Martti Eemil Lappalainen (11 April 1902 – 6 October 1941) was a Finnish cross-country skier and biathlete.

Biography
He was born in Liperi and was killed in action in Mäntysova, East Karelia.

Lappalainen was a part of the Military patrol for Finland that took silver in the 1924 Winter Olympics.

He won the 50 km cross-country skiing event at Holmenkollen ski festival in 1928. As a result of this victory, he became the second non-Norwegian winner of any event run up to that point, behind fellow Finn Anton Collin, who won the 50 km event in 1922.

At the 1928 Winter Olympics he finished seventh in the 18 km event and ninth in the 50 km event.

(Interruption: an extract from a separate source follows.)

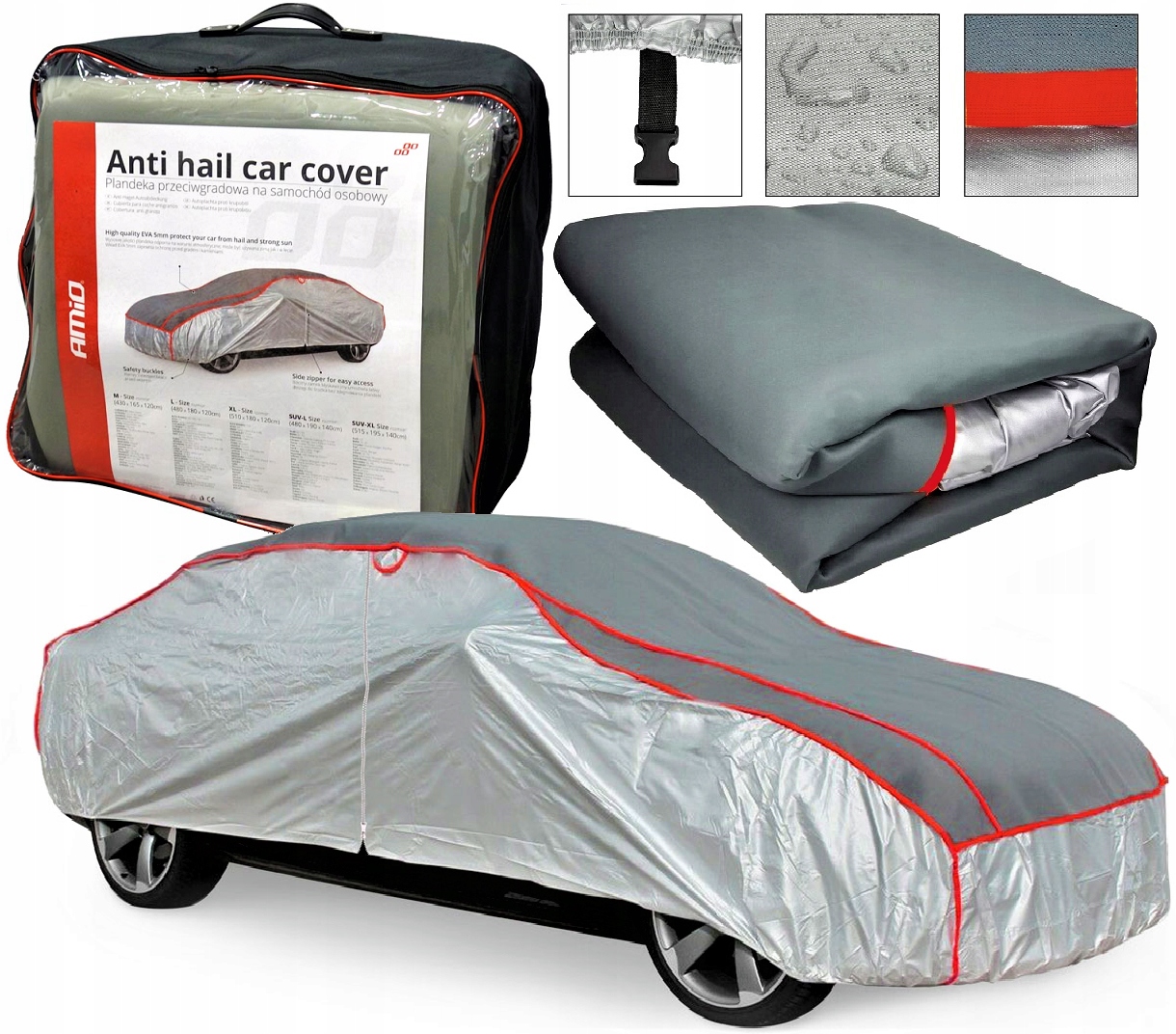 - Верхня частина брезенту ламінована спеціальною піною товщиною близько 5 мм, яка ідеально поглинає удари граду та дрібного каміння захищаючи автомобіль від пошкоджень

Four years later he finished fourth in the 18 km event at the 1932 Winter Olympics in Lake Placid, New York. He also participated in the 50 km event but did not finish.

At the 1934 FIS Nordic World Ski Championships in Sollefteå he won a gold in the 4 × 10 km relay and a bronze in the 18 km.

He was killed in action during World War II.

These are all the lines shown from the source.